Каменаши кивнул, но тут же вспомнил, что его не видят.
— Да. Я слушаю тебя, — сказал он, надеясь, что голос не задрожит и не выдаст состояния своего обладателя.
Неожиданно Аканиши отчего-то рассмеялся всё так же тихо и хрипло.
— Прокурил голос окончательно, — усмехнулся Казуя, вспоминая, как звучал этот голос раньше.
— Я много курю. Больше, чем раньше.
Каменаши не нашёл, что ответить, и просто промолчал.
— Выгляни в окно, — предложил Аканиши. — Можешь?
Каменаши пробурчал сдавленное «угу», не особо надеясь, что Джин расслышит его. Он подошёл к окну, отвесил шторы и замер.
Улица медленно застилалась мелкими хлопьями снега, точно покрывалом. Под лунным светом снег кружился вокруг фонарей, словно в каком-то танце, плавно падал на землю и даже не думал останавливаться. Каменаши наблюдал за этим так, будто перед его глазами творилось настоящее волшебство. Но почему-то нестерпимая боль в груди становилась ещё сильнее.
Он открыл окно и протянул руку вперёд. Снежинки, падая с кажущегося бездонным неба, медленно ложились ему на ладонь и тут же таяли от её тепла.
«Я буду любить тебя вечно» — послышался голос, но не из телефонной трубки. Он раздался откуда-то из самых низов сознания, из глубоко засевшего прошлого, грозящего вот-вот вырваться наружу.
— Того, что было, уже не вернуть, — словно прочитав его мысли, сказал Джин. — Всё это время я думал… Может, мы встретимся когда-нибудь снова. Но смогу ли я спокойно смотреть тебе в глаза? Смогу ли я простить себя, стоя перед тобой… Я ранил тебя. Ранил твои чувства. Мне следовало сказать всего лишь одно слово, но почему-то я всё ещё несу его в себе. Хотя прошло так много времени... Именно поэтому я не могу показаться тебе. Мне не хватит смелости. Мне не хватит сил увидеть тебя. Но я хочу, чтобы ты знал. Я никогда не врал. Мои чувства к тебе были так же чисты, как снег на твоей ладони.

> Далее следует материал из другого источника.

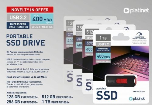 Prenosný USB disk Platinet SSD Drive 128 GB poskytuje rýchly a stabilný prenos dát vďaka technológii USB 3.2 Gen 2. Je to ideálne riešenie na prenos a ukladanie veľkých súborov, ako sú filmy, fotografie alebo dokumenty.

Каменаши вздрогнул, недоумевая:
— Откуда ты…
— Знаю? — Джин снова хрипло рассмеялся. — Вряд ли кто-то знает твои привычки так же хорошо, как я. Послушай меня. Сейчас я хочу сказать это. Каме, прости. Не за прошлое. Я хочу, чтобы ты помнил его так же отчётливо, как и я. Я хочу, чтобы ты помнил, как был счастлив. Как мы были счастливы. Я прошу у тебя прощения за то, что не сберёг твои чувства. Я не смог защитить их, не смог защитить тебя и ранил сам, без чьей-либо помощи. Я причинил тебе столько боли… И, наверное, не имею права надеяться, что ты простишь меня. Но всё же извиняюсь перед тобой. Наверное, я испортил тебе Рождество. Обещаю, что больше не потревожу. Но позволь мне в последний раз побыть эгоистом. В эту белую ночь. Такую же белую, как тогда… — Аканиши умолк, и в это время Каменаши зажал рот рукой, чтобы не сорваться, не дать волю раздирающим на мелкие кусочки чувствам. — Прошу, не забывай об этом... Я буду любить тебя вечно. Так же сильно, как в тот день. С Белым Рождеством, Каме.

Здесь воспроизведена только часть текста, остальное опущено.